Facebook also points people who use its search feature to information about vaccines and Covid-19 from the CDC and WHO. But it hasn’t given rise to a growing tide of groups and pages spreading falsehoods about both issues, according to Johnson and other experts who monitor misinformation on social media.

In a July report assessing the growing influence of anti-vaccination content on social media, the UK-based Non-Profit Center for Countering Digital Hate found that so-called “anti-vaccination entrepreneurs” — people who sell or profit from vaccine misinformation — they gained a total of 28 million people on Facebook and saw their followers grow by 854,000 between May and June. In Facebook groups, researchers identified 64 who regularly shared vaccine misinformation, with a collective of 1 million that has also continued to grow.

For Pinterest, responding to misinformation is not a static strategy, Bromma said. Rather, the company’s approach is intended to change step by step with regular guidance from public health organizations, including the WHO and CDC.

For example, in February, when the CDC warned against hoarding masks and said they were not necessary for the general public, Pinterest banned ads for face masks and began delisting users’ posts about them. When the CDC changed its guidance to encourage mask-wearing, Pinterest jumped in, once again allowing advertisers and the public to share content about masks, including homemade coverings.

Pinterest’s moves are overall a positive effort, Johnson said. But given Pinterest’s small footprint within the broader social media landscape, they only serve as a small Band-Aid on a much larger problem.

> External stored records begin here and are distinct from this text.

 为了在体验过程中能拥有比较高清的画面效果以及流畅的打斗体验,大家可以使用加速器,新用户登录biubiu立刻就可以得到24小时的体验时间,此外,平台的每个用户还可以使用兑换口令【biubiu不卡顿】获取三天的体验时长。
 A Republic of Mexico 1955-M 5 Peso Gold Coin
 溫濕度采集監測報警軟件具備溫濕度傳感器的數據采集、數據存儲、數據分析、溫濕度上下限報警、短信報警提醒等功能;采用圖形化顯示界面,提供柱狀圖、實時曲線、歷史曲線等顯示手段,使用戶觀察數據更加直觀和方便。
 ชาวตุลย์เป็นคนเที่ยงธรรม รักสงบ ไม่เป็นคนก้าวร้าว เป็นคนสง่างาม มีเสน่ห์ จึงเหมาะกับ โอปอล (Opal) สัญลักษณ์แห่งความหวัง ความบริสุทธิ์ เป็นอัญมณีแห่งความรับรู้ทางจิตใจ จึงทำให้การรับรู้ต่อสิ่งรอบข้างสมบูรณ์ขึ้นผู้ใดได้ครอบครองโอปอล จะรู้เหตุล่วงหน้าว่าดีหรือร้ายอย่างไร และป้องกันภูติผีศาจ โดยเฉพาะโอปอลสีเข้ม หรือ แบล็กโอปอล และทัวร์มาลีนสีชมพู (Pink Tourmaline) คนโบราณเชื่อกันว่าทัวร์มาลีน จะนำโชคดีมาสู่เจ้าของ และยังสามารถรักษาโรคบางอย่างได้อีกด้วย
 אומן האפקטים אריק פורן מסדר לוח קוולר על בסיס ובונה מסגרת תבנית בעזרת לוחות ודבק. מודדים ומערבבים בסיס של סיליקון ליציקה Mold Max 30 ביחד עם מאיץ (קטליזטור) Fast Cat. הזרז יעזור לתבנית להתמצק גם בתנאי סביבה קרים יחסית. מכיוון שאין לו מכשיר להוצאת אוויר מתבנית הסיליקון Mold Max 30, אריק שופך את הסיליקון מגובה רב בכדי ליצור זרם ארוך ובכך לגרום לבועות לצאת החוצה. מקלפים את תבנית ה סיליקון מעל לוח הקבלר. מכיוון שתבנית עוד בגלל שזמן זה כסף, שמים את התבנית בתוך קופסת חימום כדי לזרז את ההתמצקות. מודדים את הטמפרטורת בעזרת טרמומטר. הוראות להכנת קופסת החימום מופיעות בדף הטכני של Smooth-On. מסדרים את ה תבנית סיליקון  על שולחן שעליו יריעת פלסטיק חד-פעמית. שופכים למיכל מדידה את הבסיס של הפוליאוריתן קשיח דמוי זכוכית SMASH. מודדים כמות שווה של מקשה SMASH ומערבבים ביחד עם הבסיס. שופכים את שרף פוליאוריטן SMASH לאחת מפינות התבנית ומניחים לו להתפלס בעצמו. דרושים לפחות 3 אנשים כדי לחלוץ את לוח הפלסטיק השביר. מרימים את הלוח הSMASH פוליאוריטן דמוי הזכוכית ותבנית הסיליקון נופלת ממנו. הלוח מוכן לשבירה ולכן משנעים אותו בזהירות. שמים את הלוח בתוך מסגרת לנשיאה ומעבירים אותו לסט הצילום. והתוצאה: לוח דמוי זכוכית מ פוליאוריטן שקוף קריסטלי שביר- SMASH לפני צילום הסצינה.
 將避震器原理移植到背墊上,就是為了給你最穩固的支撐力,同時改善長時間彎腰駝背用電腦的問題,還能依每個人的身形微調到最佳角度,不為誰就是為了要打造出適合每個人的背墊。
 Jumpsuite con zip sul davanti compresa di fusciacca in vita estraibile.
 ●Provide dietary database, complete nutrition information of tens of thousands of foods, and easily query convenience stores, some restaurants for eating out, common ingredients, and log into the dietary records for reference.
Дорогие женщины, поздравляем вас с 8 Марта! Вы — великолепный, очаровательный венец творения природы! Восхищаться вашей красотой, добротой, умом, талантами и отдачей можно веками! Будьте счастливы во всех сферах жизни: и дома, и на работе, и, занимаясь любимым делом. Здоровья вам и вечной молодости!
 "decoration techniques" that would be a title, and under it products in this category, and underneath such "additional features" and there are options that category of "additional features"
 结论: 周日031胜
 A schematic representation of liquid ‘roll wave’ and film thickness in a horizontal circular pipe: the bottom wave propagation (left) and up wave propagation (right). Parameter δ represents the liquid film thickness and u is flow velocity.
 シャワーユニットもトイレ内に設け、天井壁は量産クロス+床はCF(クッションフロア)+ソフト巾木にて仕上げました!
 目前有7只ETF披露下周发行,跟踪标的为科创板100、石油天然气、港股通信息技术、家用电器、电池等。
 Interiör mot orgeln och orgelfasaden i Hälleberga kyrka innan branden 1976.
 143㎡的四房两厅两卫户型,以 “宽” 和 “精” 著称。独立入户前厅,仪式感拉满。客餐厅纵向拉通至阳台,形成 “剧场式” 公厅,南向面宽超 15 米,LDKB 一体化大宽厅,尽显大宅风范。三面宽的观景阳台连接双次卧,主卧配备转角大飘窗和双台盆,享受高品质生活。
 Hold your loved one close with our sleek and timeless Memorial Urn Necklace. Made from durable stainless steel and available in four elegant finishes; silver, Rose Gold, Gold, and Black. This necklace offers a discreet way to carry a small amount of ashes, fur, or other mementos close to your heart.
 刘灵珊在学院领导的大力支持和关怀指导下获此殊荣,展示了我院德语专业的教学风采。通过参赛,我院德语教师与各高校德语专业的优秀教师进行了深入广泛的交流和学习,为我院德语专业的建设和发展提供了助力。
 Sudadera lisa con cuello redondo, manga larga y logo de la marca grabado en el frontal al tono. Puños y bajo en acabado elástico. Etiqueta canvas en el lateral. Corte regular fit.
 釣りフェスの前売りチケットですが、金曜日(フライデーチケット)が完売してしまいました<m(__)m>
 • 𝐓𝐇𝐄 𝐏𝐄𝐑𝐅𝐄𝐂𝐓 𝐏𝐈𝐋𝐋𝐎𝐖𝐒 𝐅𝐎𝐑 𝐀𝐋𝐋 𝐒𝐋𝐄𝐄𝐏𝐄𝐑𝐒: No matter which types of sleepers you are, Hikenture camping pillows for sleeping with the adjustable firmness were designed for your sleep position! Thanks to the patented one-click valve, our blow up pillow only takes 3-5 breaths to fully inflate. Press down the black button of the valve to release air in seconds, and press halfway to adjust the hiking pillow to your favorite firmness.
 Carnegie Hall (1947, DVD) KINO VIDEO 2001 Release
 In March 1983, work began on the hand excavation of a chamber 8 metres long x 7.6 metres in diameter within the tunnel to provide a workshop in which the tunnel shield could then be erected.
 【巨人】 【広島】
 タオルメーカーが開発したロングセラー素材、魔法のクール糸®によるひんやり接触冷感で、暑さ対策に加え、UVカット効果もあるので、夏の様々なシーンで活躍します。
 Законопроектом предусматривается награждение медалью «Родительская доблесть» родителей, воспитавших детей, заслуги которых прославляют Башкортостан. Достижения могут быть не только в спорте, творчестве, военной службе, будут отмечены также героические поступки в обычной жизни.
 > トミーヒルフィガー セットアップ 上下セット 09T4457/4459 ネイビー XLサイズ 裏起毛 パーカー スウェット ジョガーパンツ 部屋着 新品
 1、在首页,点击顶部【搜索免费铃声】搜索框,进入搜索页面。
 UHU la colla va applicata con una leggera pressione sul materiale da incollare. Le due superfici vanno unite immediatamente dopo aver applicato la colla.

Online networks have a way of fostering increasingly extremist ideologies, according to Johnson’s research. This happens mainly because social media communities – in particular Facebook groups, for example – connect extremists who would otherwise be silenced by a more vocal and rational majority. When people cannot find others who defend their misinformed beliefs, they simply migrate to a new group or social network.

“It’s like a forest fire,” Johnson said. “People just drive by. If they don’t find what they want – and we’ve seen this with vaccines – they just work around it to another space.”

While vaccine-related falsehoods only appear to have spread further on Facebook since the start of the pandemic, the conflagration has been smoldering for some time, according to Johnson and his colleagues, who published a study in Nature in May. which showed a considerable increase in followers of pages promoting anti-vaccine rhetoric between February and October 2019.

The problem is especially dire because of the way Facebook appears to help extremists recruit new followers: Johnson found, for example, that while pages spreading vaccine myths had fewer followers than factual pages, pages spreading falsehoods were higher in number, increasingly faster and increasingly linked to neutral pages where people did not yet have a clear inclination one way or another. If the trend continues, Johnson predicted that anti-vaccination rhetoric will dominate on the platform by 2030.

Experts have also raised questions about some of the tactics Facebook has implemented in response to Covid-19 misinformation. After deleting a false post about the pandemic, Facebook places a generic message with links to the WHO myth website in the feeds of any users who “liked” or commented on it. Experts — including the researchers whose studies Facebook said it based its strategy on — said they believe Facebook misinterpreted its work. Rather than placing a generic post at the top of users’ feeds, experts favored more direct messages to users that included specific corrections to the falsehood.

For policymakers to comprehensively address the problem of disinformation on social media, Johnson said they need a research-oriented guide that details where extremists are making connections online and how they are recruiting more moderate or undecided individuals.

“You won’t win this battle if you don’t have a map of the battlefield,” Johnson said.